The paper Deanonymisation of clients in Bitcoin P2P network (2014) by Biryukov, Khovratovich and Pustogarov (BKP), who describe an attack on Bitcoin Core clients, has started some discussion lately. The main idea of the paper is to first get a set of nodes $E_v$ to which your victim $v$ is directly connected to (“entry nodes”). Second, for each transaction $t$ record the $10$ nodes $P_t$ which first propagate $t$. The authors experimentally show that if $|E_v \cap P_t|$ is bigger than $3$ then there is a pretty high chance that $t$ actually originated from $v$. However, both attack stages basically require a Sybil attack – the attacker has to be connected to a lot of nodes a lot of times. ‘A lot’ means that in their experiments they had 50 connection to each full node (~250) in the test network. As a result, such an attack seems to be powerful, but certainly won’t be undetected.

In this post I show that the first stage of the attack, namely learning the nodes a victim is directly connected to can be done with a single connection to the victim. In addition to BKP’s attack, knowing all outbound peers of a client could significantly increase the success probability of a double spend. Note that all experiments are based on Bitcoin Core 0.9.4, but 0.10.0 shows the same behavior.

TLDR The attacker can reliably guess all of the outbound connections of a victim by making a selection from the known addresses of a victim based on the timestamp of the addresses.

Update A fix has been merged to bitcoind. The timestamp is not updated anymore when receiving a message from a connected peer. Instead, it is only updated when the peer disconnects. The fix is released in bitcoin core 0.10.1.

Learning connections using addr propagation

When a node $n$ connects to another peer $p$ in the network it advertises its address using the “addr” message. The peer will select a number of its own peers at random which are “responsible” for $n$’s address. Then the address is forwarded to responsible peers to spread the knowledge about $n$ in the network.
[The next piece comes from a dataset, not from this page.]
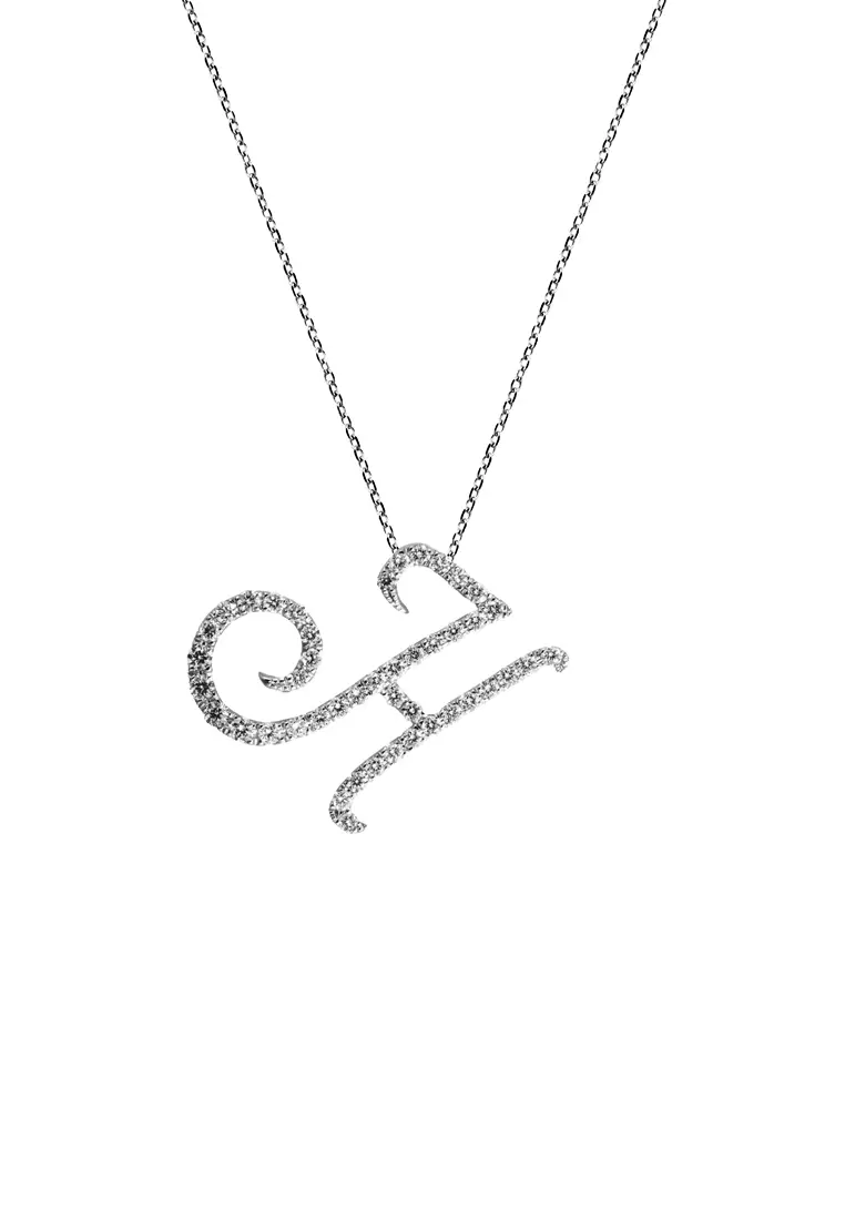 Pavé Lab Grown Diamond 'H' Initial Pendant in White Gold D/E-VVS/VS (0.34ct TDW) with chain

The number of responsible peers is either $1$ or $2$ depending on whether the address is reachable by $p$.

BKP’s attack works by recording the set of peers that first propagated a victim’s address. In order to have good chance to be in the set of responsible peers for the address, the attacker has to hold a significant number of connections to each full node in the network. Note that it is possible to have multiple connections from a single public address to a peer.

The getaddr message

It turns out that an attacker can simply infer the peers of a victim by sending getaddr messages to him.

In bitcoin, the address structures that are send via the addr message do not only contain the IP adress and port but also a timestamp. The timestamp’s role is ensuring that terminated nodes vanish from the networks knowledge and it is regular refreshed by the nodes which have an interaction (more about that later) with the peer at that address. Bitcoin nodes usually record the addresses they hear about and send them in a reply to a getaddr using the addr message.
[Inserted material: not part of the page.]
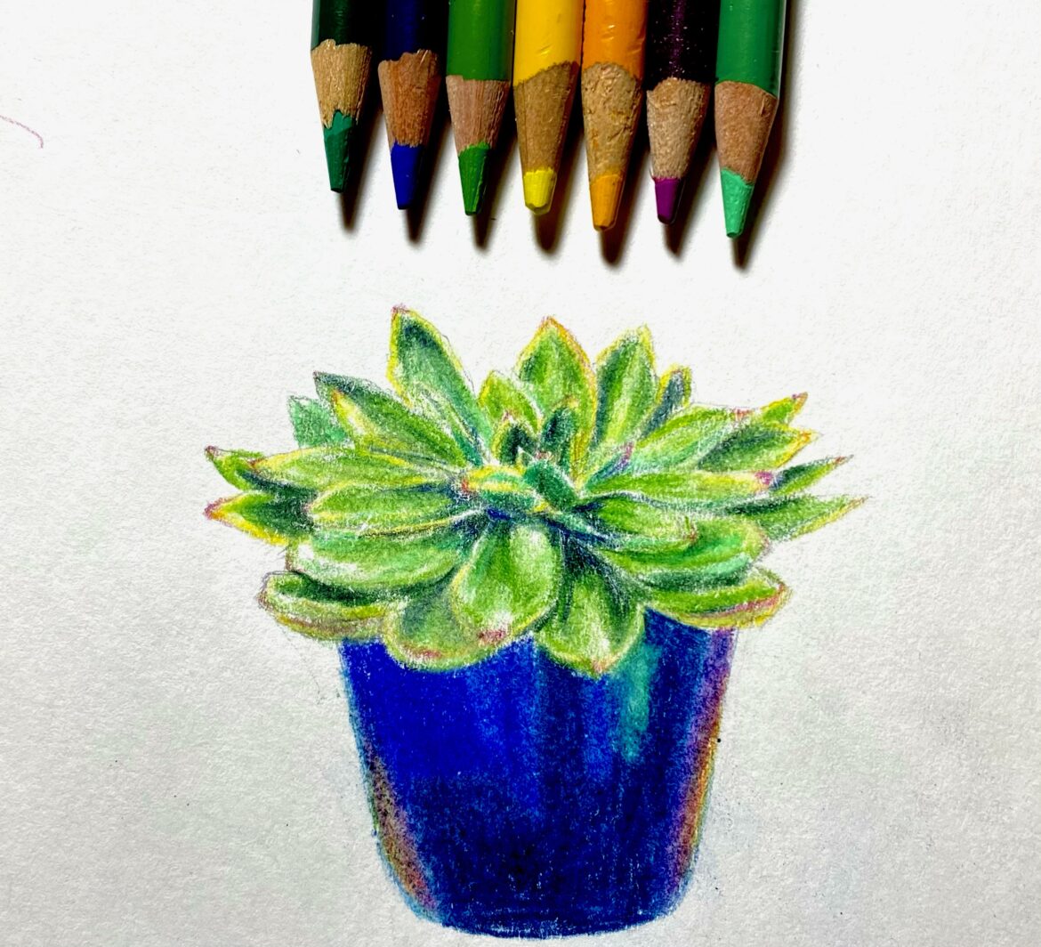 9. To finish off the succulent, I blended the colored pencil with a blender pencil. If you don’t have a blender pencil, you could also use things like a blender stump to blend.

The following experiments show that an attacker can guess some or all of the direct peers of a victim by sorting the known addresses of the victim based on the timestamp.

A minor obstacle is that a node replies to a single getaddr message only with maximal 2500 addrs selected uniformly at random. In order to get a certain percentage $\tau$ of the known addresses of a node the attacker has to send multiple getaddr messages and record the percentage that is new to her.

1
2
3
4
5
6
7
8
9
S = {}
while(true):
    send_getaddr()
    T = response()
    tau' = 1 - ((|T - S|) / |T|) 
    S <- S $\cup$ T
    if \tau' > \tau
        break
return S

Experiments show that if we wait 10 seconds after each getaddr request it takes around $3.5$ minutes to collect $\tau$ percent addresses ($13,500$ in this case).

Experimental results

I set up a victim node $v$, which is just a regular bitcoin node. The attacker $a$ is a node that connects to $v$ via the P2P network and queries the known nodes of $v$. Second, $a$ connects to $v$ via the RPC interface and gets the true peers.
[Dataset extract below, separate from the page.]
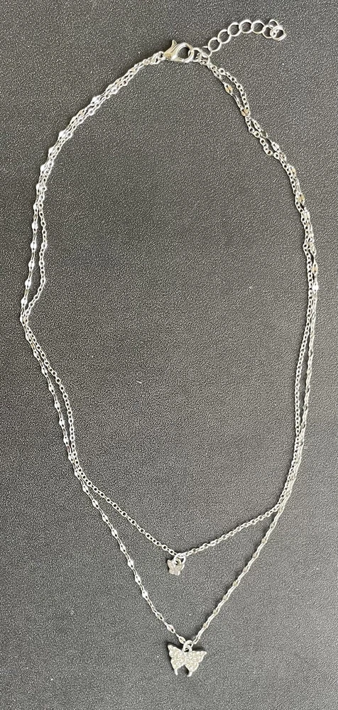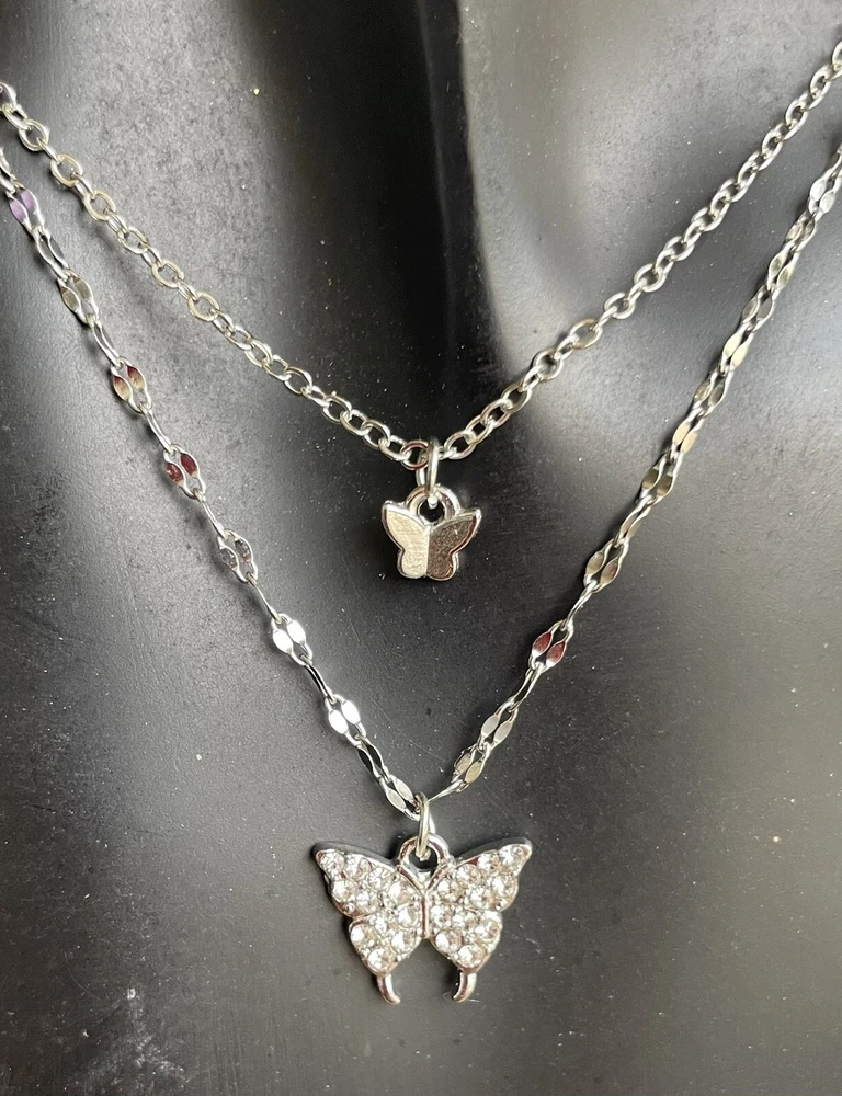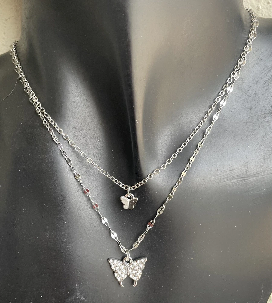 This necklace features a double chain design with a butterfly pendant adorned with rhinestones. It has a lobster closure and is made of silver-colored zinc alloy. The necklace is adjustable in length and is designed in a dangle/drop style, inspired by beauty, nature, and animals & insects. The main stone used is white/colorless rhinestone, adding a touch of elegance to the piece. 6-ne-butter2-1

The attacker code (btcP2PStruct) is available on github. Thanks to the btcwire package it is very simple to write this kind of code.

You can find all the data to produce the graphs in the project repository.

First we consider the case where $v$ does not accept incoming connections (“client” in BKP’s terms). $v$ was running for 2 days and I recorded data for every hour but I will only discuss the last measurement because the data is very similar.

Note that $v$ returned $12,868$ known addresses. Also, a client usually has maximally 8 peers due to the default maximum number of outbound connections. This implies that an attacker can not start start this attack on a client that is not connected to her. Here we see that if the attacker obtains all peers of $v$ (without any false positives in this case).

Next, the case for the full node, which I left running for 8 days.

Again it is evident that an attacker can reliably determine all outbound connections of the victim using a threshold of 20 minutes. However, inbound peers can only be detected very poorly.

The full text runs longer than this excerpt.